TASK TO CARRY OUT = With the pictures left out, return exactly the lines from the one containing "- A TIMELESS, CLASSIC, WOODEN" through the end of the listing below.

*** THE DATA ***

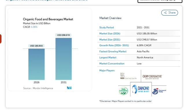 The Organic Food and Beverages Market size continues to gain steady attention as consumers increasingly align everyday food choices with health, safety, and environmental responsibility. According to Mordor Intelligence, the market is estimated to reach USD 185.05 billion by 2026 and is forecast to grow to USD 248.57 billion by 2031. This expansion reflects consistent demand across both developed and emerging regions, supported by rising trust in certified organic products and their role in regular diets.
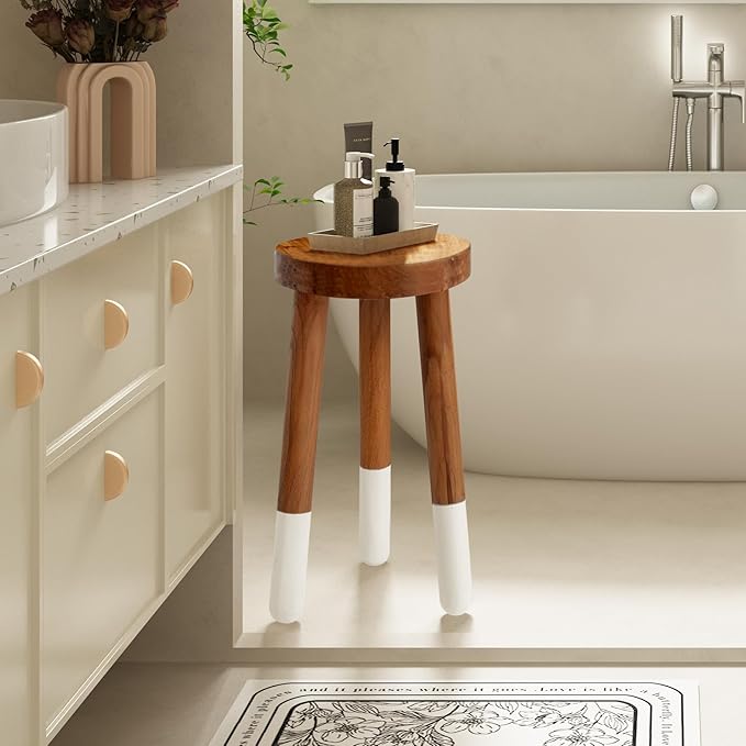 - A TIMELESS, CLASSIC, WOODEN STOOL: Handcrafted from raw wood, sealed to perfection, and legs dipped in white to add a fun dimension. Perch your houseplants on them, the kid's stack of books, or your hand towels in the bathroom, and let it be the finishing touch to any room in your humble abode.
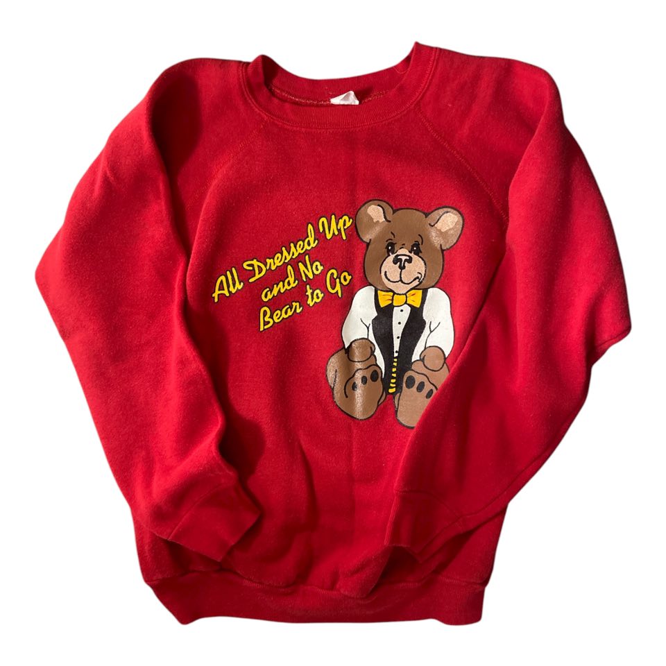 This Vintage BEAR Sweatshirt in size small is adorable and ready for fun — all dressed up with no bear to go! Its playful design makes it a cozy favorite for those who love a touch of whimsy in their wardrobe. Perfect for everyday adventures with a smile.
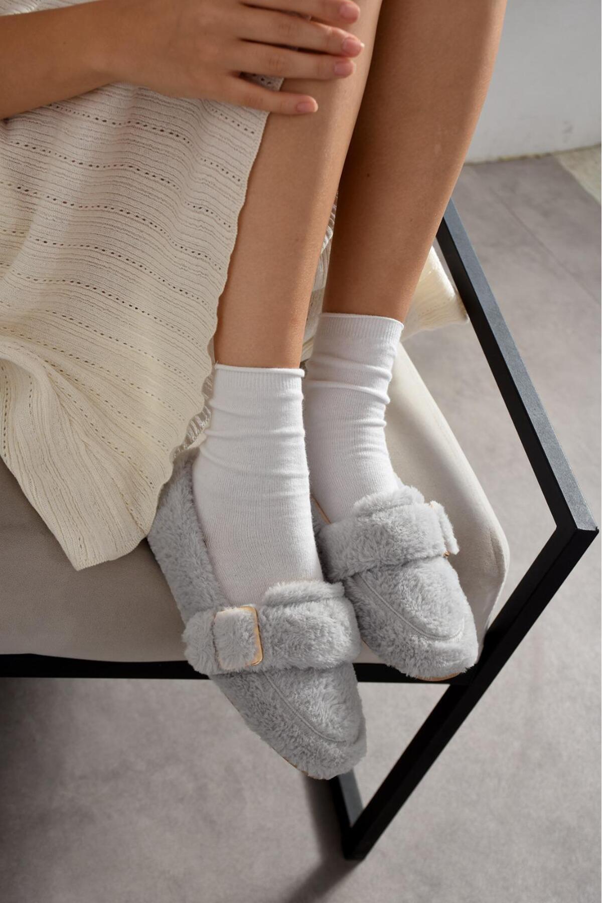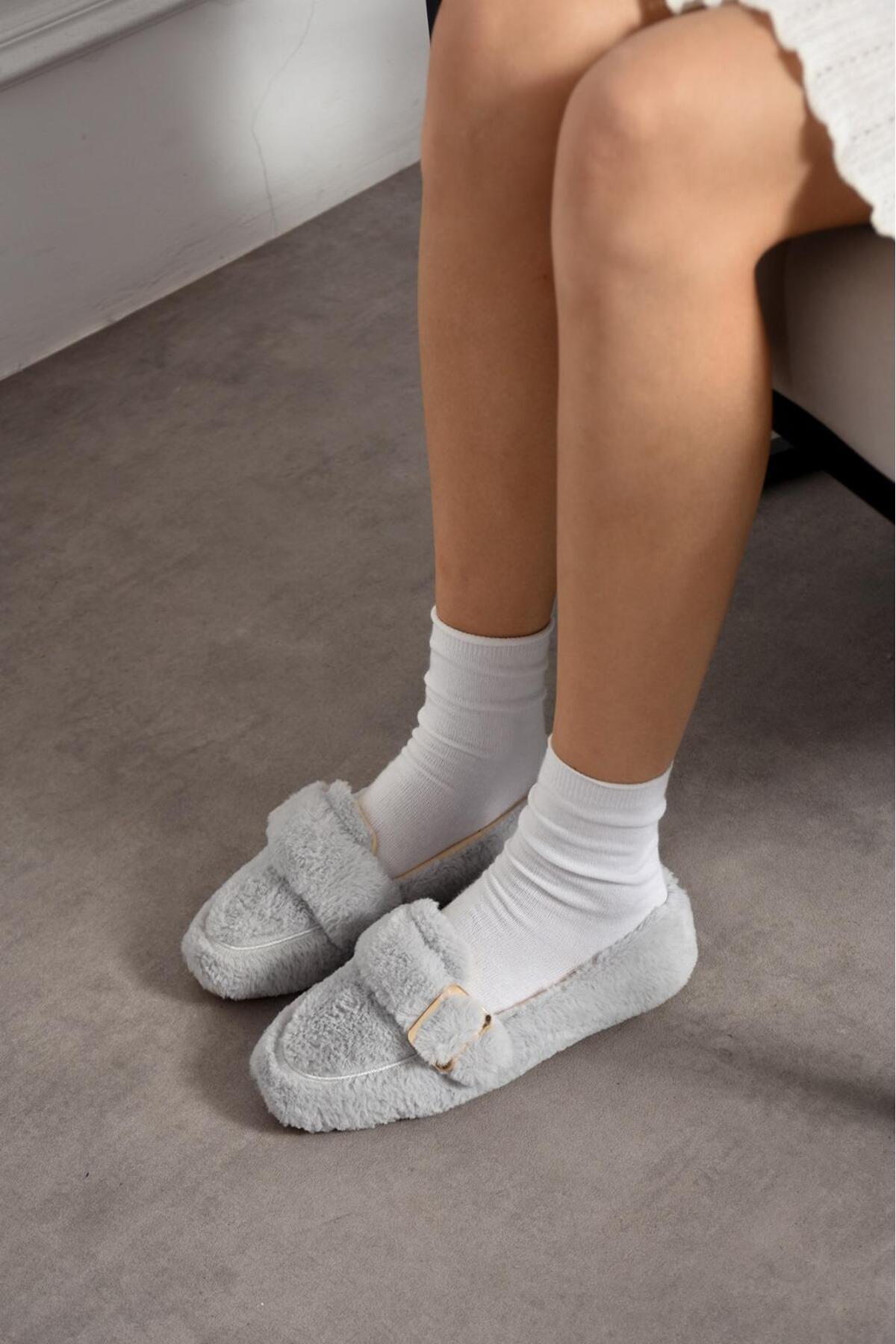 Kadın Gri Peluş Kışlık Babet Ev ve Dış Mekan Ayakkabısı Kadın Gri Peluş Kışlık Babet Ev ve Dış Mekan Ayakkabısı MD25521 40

*** End of THE DATA ***

REPLY =
 - A TIMELESS, CLASSIC, WOODEN STOOL: Handcrafted from raw wood, sealed to perfection, and legs dipped in white to add a fun dimension. Perch your houseplants on them, the kid's stack of books, or your hand towels in the bathroom, and let it be the finishing touch to any room in your humble abode.
 This Vintage BEAR Sweatshirt in size small is adorable and ready for fun — all dressed up with no bear to go! Its playful design makes it a cozy favorite for those who love a touch of whimsy in their wardrobe. Perfect for everyday adventures with a smile.
 Kadın Gri Peluş Kışlık Babet Ev ve Dış Mekan Ayakkabısı Kadın Gri Peluş Kışlık Babet Ev ve Dış Mekan Ayakkabısı MD25521 40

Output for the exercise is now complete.